Bone cement leakage is a serious complication of vertebroplasty. Previous studies [11, 26] have suggested that the fracture of the perivertebral wall or endplate, the pressure of bone cement perfusion and the volume of bone cement perfused are the main causes of bone cement leakage. Throughout this study, we suggest that the direction of injection is also an influencing factor of bone cement leakage. Conventional PKP is required to correct kyphotic deformities of an injured vertebra by injecting bone cement at the point where the puncture needle tip reaches 1/3 of the front of the vertebra. At this point, when the puncture needle is injected with bone cement toward the anterior edge of the vertebra, leakage in the front and side of the bone cement is likely to occur. However, in this study, when the elbow cannula entered the front 1/3 of the vertebral body, the distal end of the cannula was toward the rear side, so the bone cement injection space was large and the bone cement injection pressure was low, which prevented from causing leakage.

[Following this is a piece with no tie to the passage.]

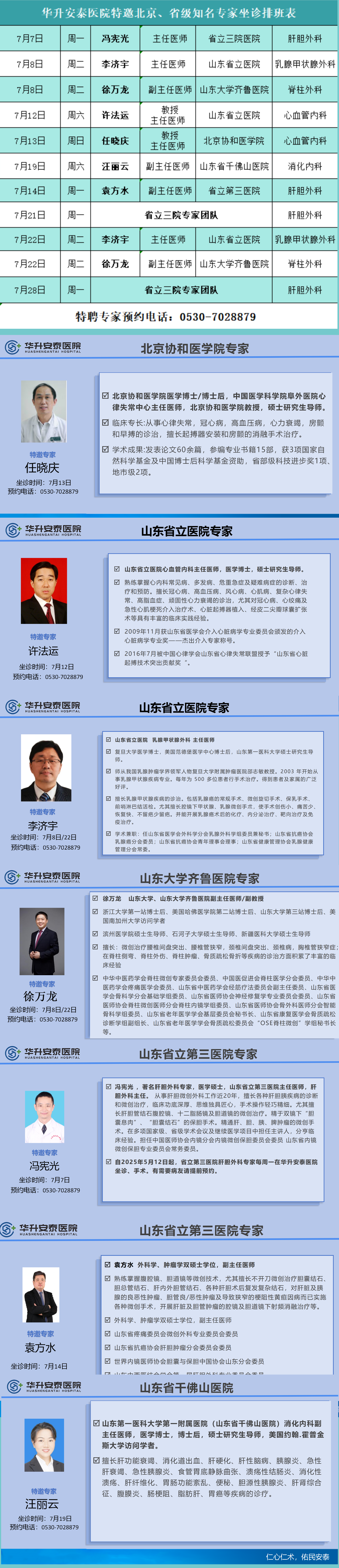 华升安泰医院7月份特邀北京、省级专家坐诊信息!

Indeed, bone cement leakage occurred in only 3 of the 36 vertebral bodies of patients from the PCKP group (8.3%), far lower than that reported in previous literature (about 14.6%) [11]. Intraoperative real-time X-ray fluoroscopy monitoring can reduce the amount of bone cement leakage, thus avoiding pulmonary embolism, spinal canal stenosis, spinal cord compression, nerve injury and other serious complications.There are several limitations to our study. The results of this study may be limited by the relatively short follow-up time (6 months), the relatively small number of participants, and the fact that this was a single-center study. Therefore, the conclusions drawn from this study remain to be validated by larger prospective randomized controlled clinical trials and longer follow-up.